Seçimlerde oy kullanan toplam delege sayısı 2.060 kişi olarak yazılı basında açıklandı. Bunun 1.168 kişisi Başaran Ulusoy, 892 kişisi de Emin Çakmak için oy kullanmış. Sonuç olarak Sayın Başaran Ulusoy iki yıllığına daha TÜRSAB Genel Başkanı olarak oy kullanan delegelerden yetkiyi almış gözüküyor. Kendisini ve yeni yönetimi kutluyor, görevlerinde başarılar diliyorum.
Fakat diğer taraftan, TÜRSAB üyesi olan ve sayıları yaklaşık 5.500’ün üzerinde olarak telaffuz edilen üyelerden sadece 2.060’ının seçimlere katılmış olması biraz kafa karıştıran bir durum. Şöyle ki, eğer telaffuz edilen üye sayısı 5.500’ün üzerinde ise son genel kurul seçimlerine katılım, toplam üye sayısının sadece yüzde 37,5’si demektir. Sayın Başaran Ulusoy’un almış olduğu 1.168 oy ise toplam üye sayısının sadece yüzde 21’ine tekabül etmektedir. 
Sanıyorum yetkililer şu andaki mevcut faal TÜRSAB üyesi seyahat acente sayısının güncel halinin ne olduğunu açıklayacaklardır. Ama görünen o ki, TÜRSAB üyesi seyahat acentelerinin tamamının genel kurula katıldığını söylemek çok zor.
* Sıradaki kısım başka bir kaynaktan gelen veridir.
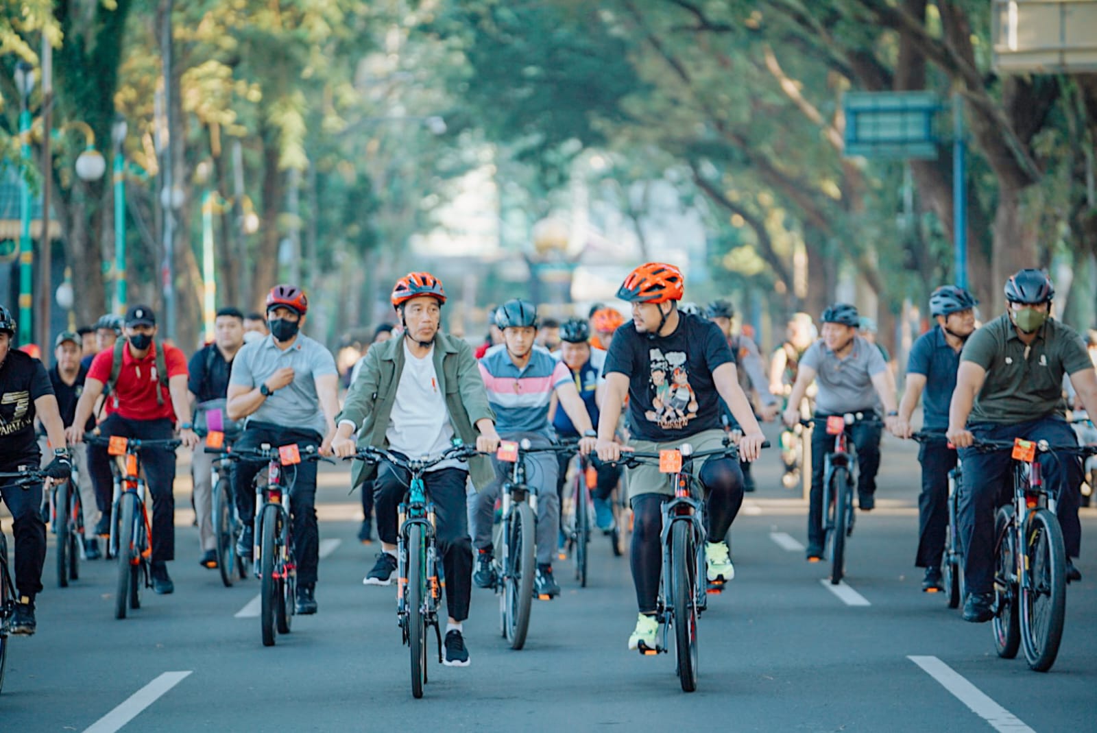 INVOCAVIT.COM, MEDAN – Presiden Joko Widodo didampingi Wali Kota Medan Bobby Nasution, Gubernur Sumut Edy Rahmayadi beserta unsur Forkopimda Sumut dan Kota Medan tiba di Lapangan Merdeka Medan dengan mengendarai sepeda, Minggu (13/2).
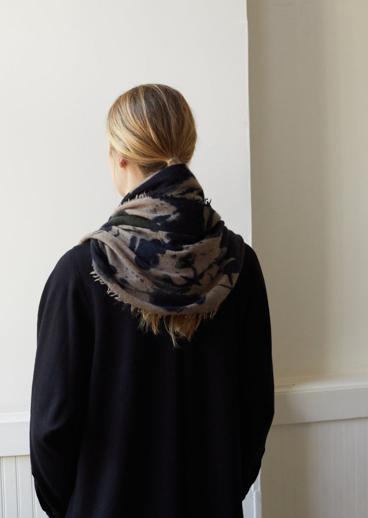 Rectangular fine-knit brushed-cashmere scarf featuring green and navy ink-blot designs against a brown-taupe backdrop. Self-fringed edges.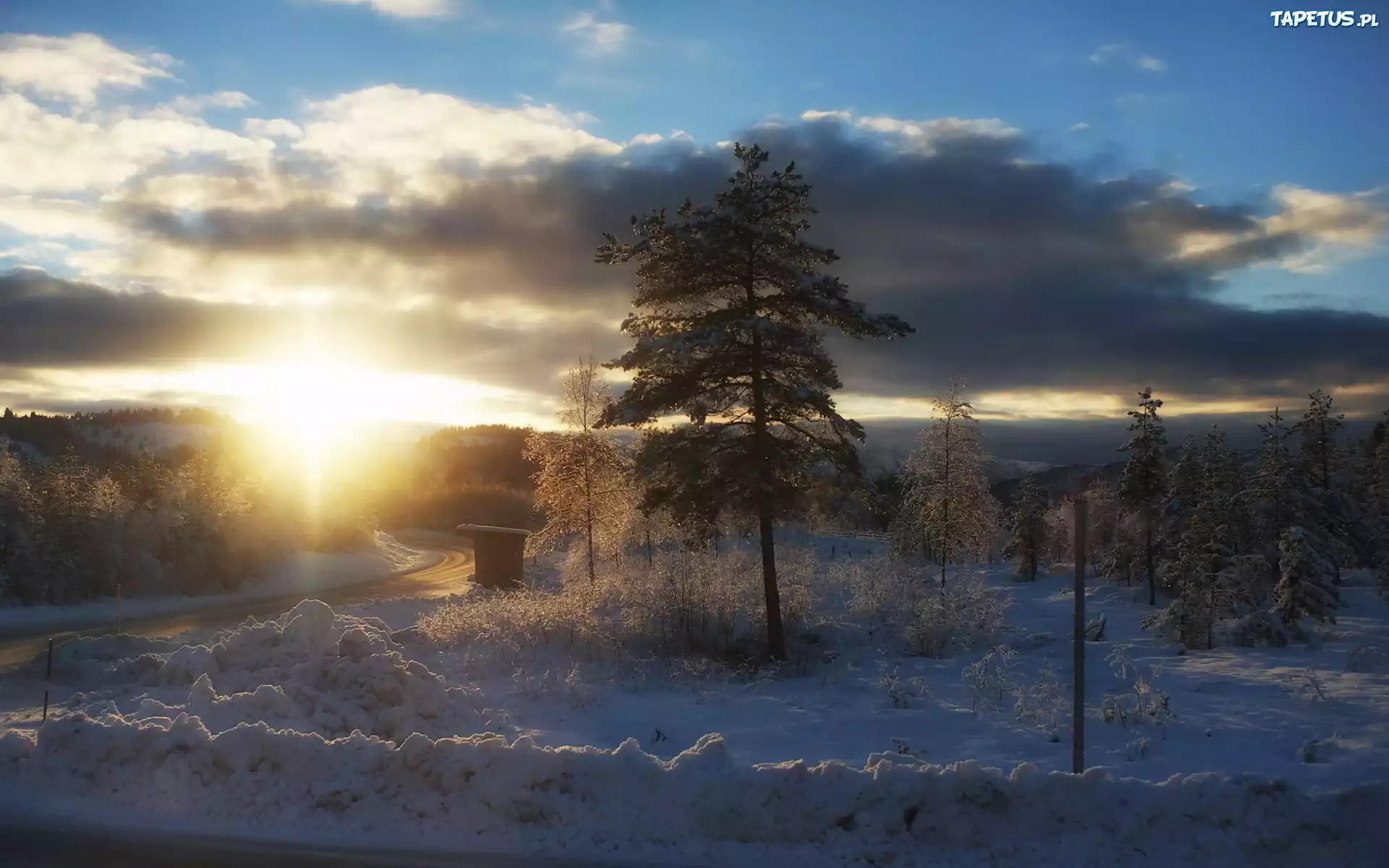 Tapeta Droga, Chmury, Śnieg, Promienie słońca
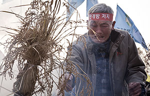 1만 여명의 농민들이 서울 시청광장에서 쌀을 태우며 한-중FTA 비준 거부와 안전한 먹거리를 위한 쌀 전면 개방 반대를 외쳤다.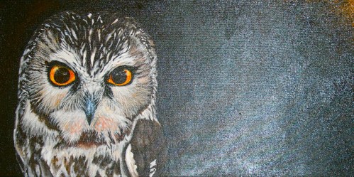 Northern Saw-whet Owl- Aegolius acadicus. 12×24″ acrylic on stretched canvas. SOLD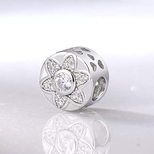 JO WISDOM Bead Charm Fiore Argento 925 Donna con 3A Zirconia Cubica per Pandora Bracciale per Donna Ragazze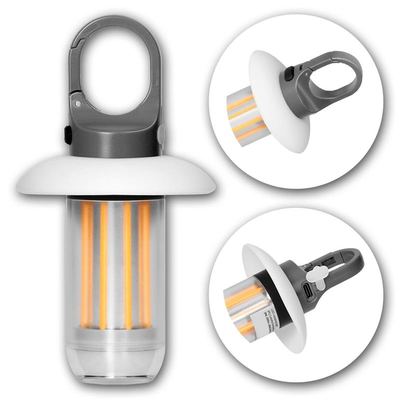 Die Stromversorgung erfolgt über einen integrierten 500mAh Li-Ion-Akku, der komfortabel über einen modernen USB-C Anschluss geladen wird. Ein Batteriewechsel ist somit nicht mehr erforderlich. Nach etwa einer Stunde Ladezeit steht die Lampe wieder vollständig zur Verfügung und liefert – abhängig vom gewählten Lichtmodus – bis zu vier Stunden zuverlässige Beleuchtung. Das robuste Kunststoffgehäuse ist für den Einsatz im Innen- und Außenbereich ausgelegt und gegen Spritzwasser geschützt, sodass die Leuchte auch bei wechselnden Wetterbedingungen zuverlässig funktioniert. Eine abnehmbare Gummikappe verleiht der Lampe eine klassische Laternenoptik und reflektiert gleichzeitig das Licht, wodurch eine besonders gleichmäßige und angenehme Ausleuchtung entsteht. Für maximale Flexibilität sorgt der integrierte Karabinerhaken. Damit lässt sich die LED Leuchte problemlos an Rucksäcken, Zeltstangen, Ästen oder Haken befestigen und wird im Handumdrehen zur praktischen Hängelampe. Mit einem Gewicht von nur etwa 75g und kompakten Abmessungen von rund 127x34mm lässt sie sich zudem mühelos transportieren und platzsparend verstauen. Ob als stimmungsvolle Beleuchtung beim Camping, als praktische Zusatzlampe auf Wanderungen, als gemütliches Licht im Garten oder als klare Arbeitsbeleuchtung in Werkstatt, Garage oder Keller – die Kombination aus vielseitigen Leuchtfarben, mehreren Lichtmodi, wiederaufladbarem Akku und kompakter Bauweise macht diese LED Campinglaterne zu einer zuverlässigen und vielseitigen Lichtlösung für zahlreiche Situationen.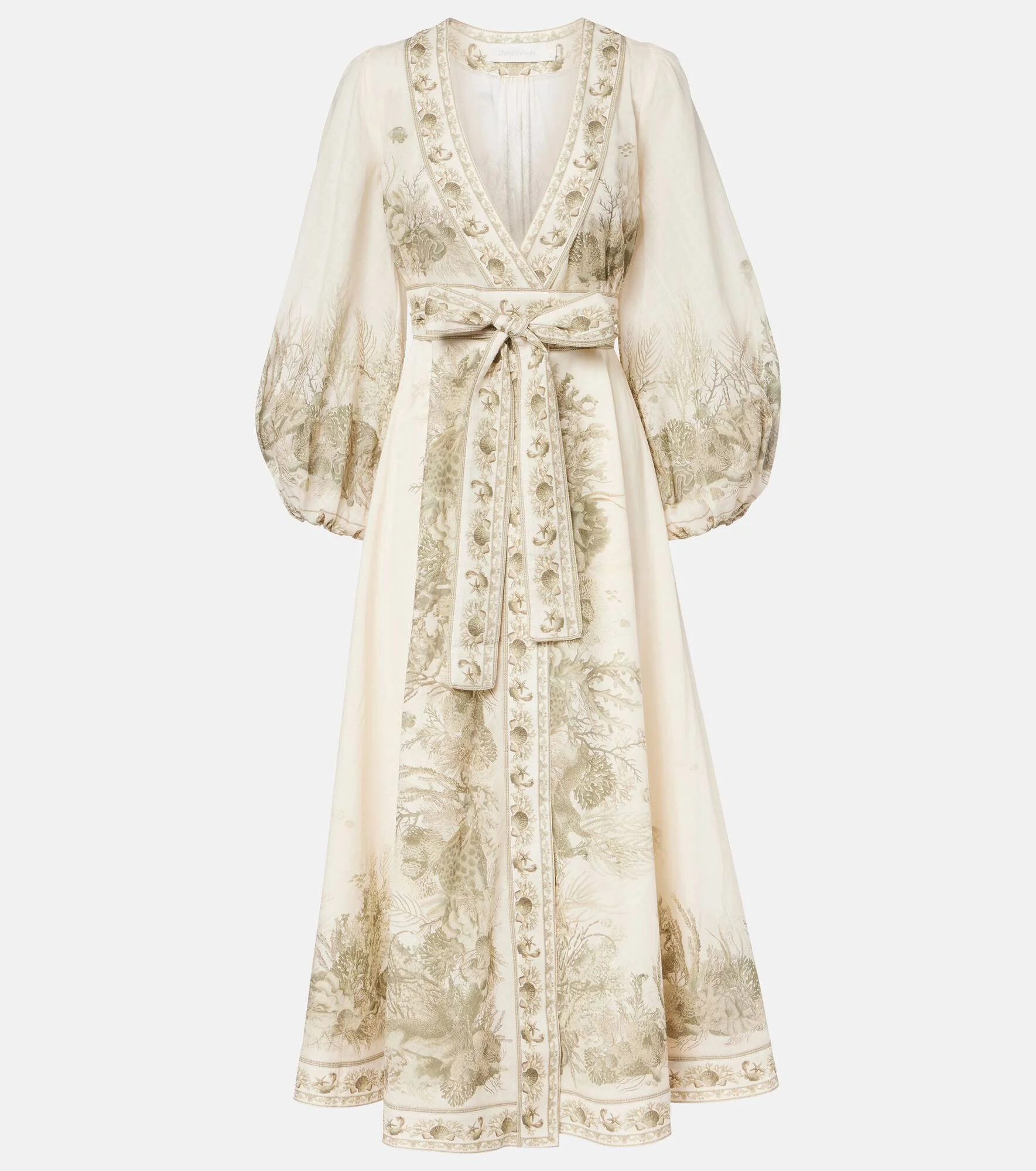 Ethereal and romantic barely scratch the surface when describing a Zimmermann piece. Made in Portugal from breezy cotton, the Wanderlust dress is a printed piece with a wrap silhouette and voluminous sleeves. Product Details - Material: 100% cotton - Care instructions: dry clean - Made in Portugal - Color: white - Designer color name: Khaki Toile - Lining: 100% cotton - Closure: wrap-front - Self-tie belt - Cuff: elasticated - Item number: P01129846 Size & Fit - True to size - Loose fit, comes with belt - Non-stretchy fabric - The model seen in the picture is 178cm-5'10" and wearing a size 0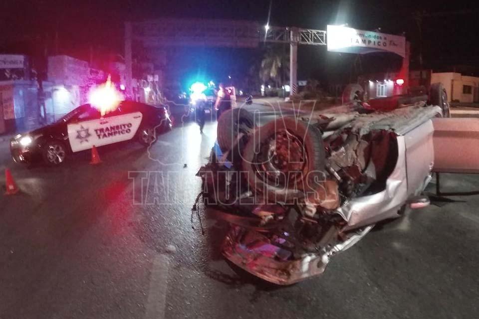 En Tampico: ebrio vuelca vehículo prestado y da varias volteretas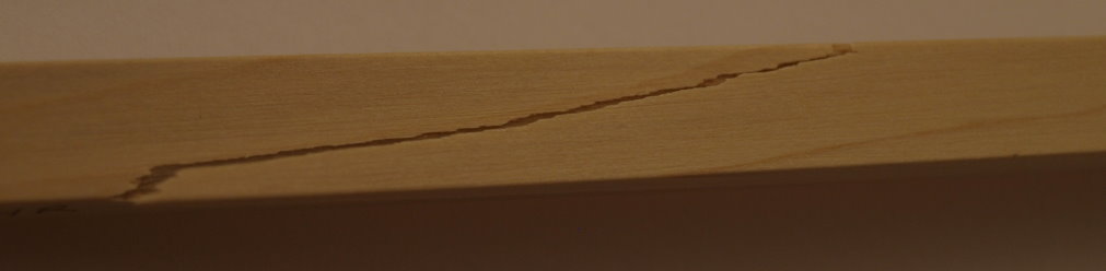 Der Bruchverlauf folgt im wesentlichen den Jahresringen, geht mitunter aber auch durch Ringe hindurch. Wie zum Beispiel beim Muster mit 6 Ringen mehrfach zu erkennen. Beim Muster mit 5 Ringen erfolgt sogar der Bruchansatz am Rücken quer durch einen Ring.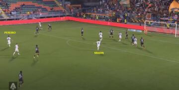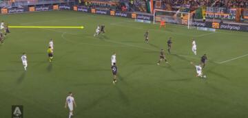 Bellanova, al netto degli errori sottoporta e difensivi, è assieme a Nández l’unico che davvero prova dei movimenti per liberarsi. L’esterno ha sulla testa la palla salvezza, ma Maenpaa si supera. Interessante il modo in cui arriva l’occasione, con il León che serve sul lato opposto il compagno in maniera perfetta e Bellanova che arriva dentro l’area con una corsa senza palla altrettanto efficace. Un lampo nel buio.
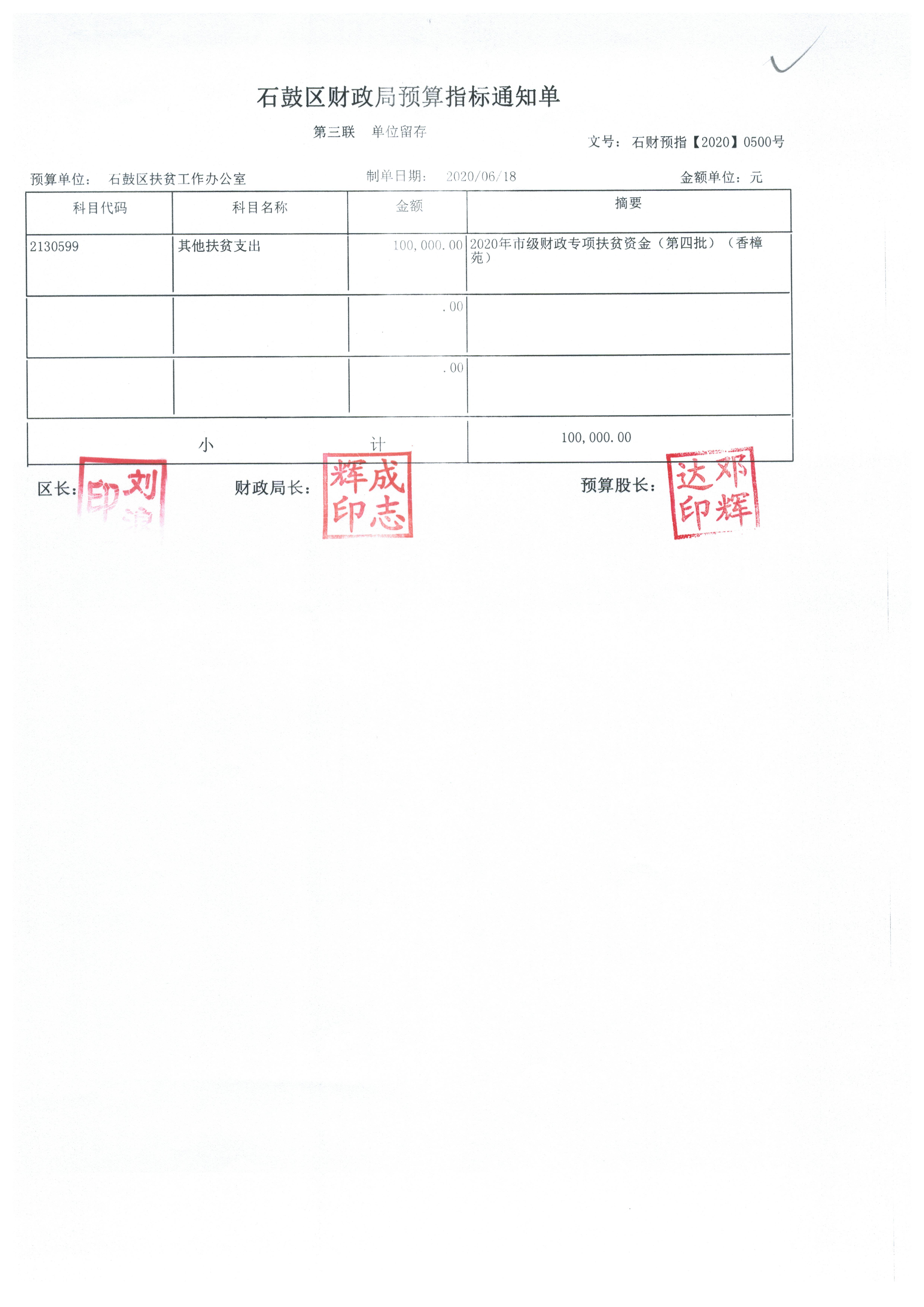 根据衡财农指[2020]99号文件精神,报经区领导核批,特下达区扶贫办2020年市级财政专项扶贫资金(第四批)用于衡阳香樟苑生态农业发展科技有限公司产业发展,详见附件。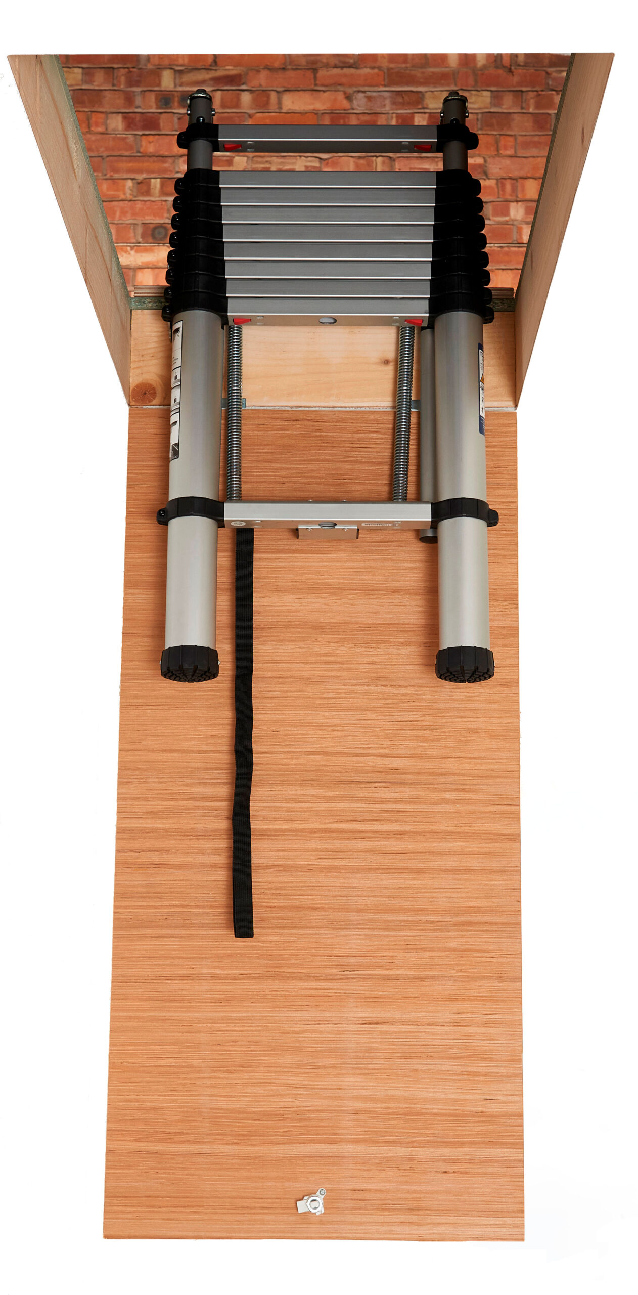 The Werner Telescopic Loft Ladders are a compact loft access solution, ideal for small loft hatches with minimal storage space in the loft. The telescopic design enables users to adjust the ladder up to three different height positions. The enhanced automatic locking safety feature locks the ladder in place securely for safe climbing. This compact telescopic loft ladder has all the components needed for easy installation, including a stowing pole and comprehensive instructions.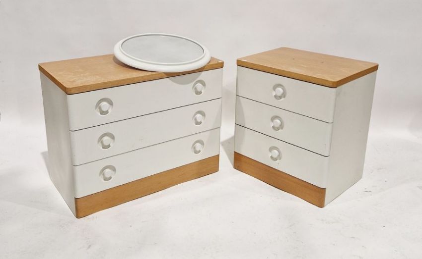 Two vintage Stag Nocturne pattern chests of drawers, each having three drawers, the largest measuring 63cm high x 81cm wide x 44cm deep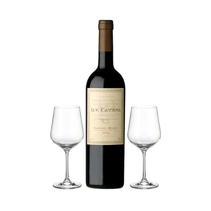 Set Vino Tinto DV Catena Cabernet Malbec y 2 copas y Con Estuche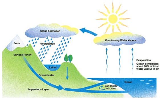 At the third stage in the cycle, rainwater may take various paths. Some of it may fall into lakes or return to the oceans via ‘surface runoff’. Otherwise, rainwater may filter through the ground, reaching the impervious layer of the earth. Salt water intrusion is shown to take place just before groundwater passes into the oceans to complete the cycle.(156 words)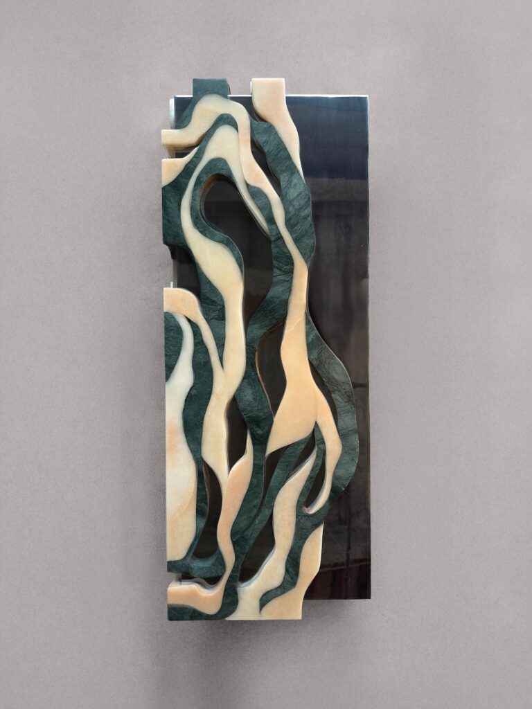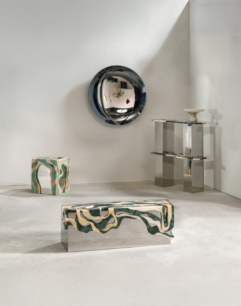 À la croisée de l’art, du design et de la sculpture, HOMA traite la matière comme un sujet vivant. Verre, marbre, miroirs, métaux naturels dialoguent dans un équilibre subtil entre transparence et densité. La collection Orbis incarne cette idée de transformation : du marbre recyclé renaît autour d’un fond réfléchissant. La pierre semble figée dans un mouvement de propagation, comme suspendue dans le temps.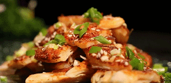 最后撒入小香葱段和一层密密麻麻的白芝麻,出锅改刀切成扇形小块。

Bu durumu değişik açılardan irdeleyebiliriz;
* Üyelerden seçimlere katılsa da bir şeyin değişeceğine inanmayanların olması.
* TÜRSAB genel kurulunun İstanbul da yapılmasından dolayı, bu şehrin trafik keşmekeşine girmekten çekinen üyelerin çoğunlukta olması.
* Sadece seçimden seçime kendileri ile ilgilenildiği hissine katılan üyelerin, seçimlere katılmayarak durumu protesto etmeleri.
* TÜRSAB Bölgesel Yürütme Kurulları’na bağlı denetim görevlilerinin turizm sezonunda yeterli denetimler yapmamalarından dolayı üye işletmelerin sürekli zarara uğramaları.
* Çoğu üye acentenin, sadece mecburi olduğu için TÜRSAB üyesi olması.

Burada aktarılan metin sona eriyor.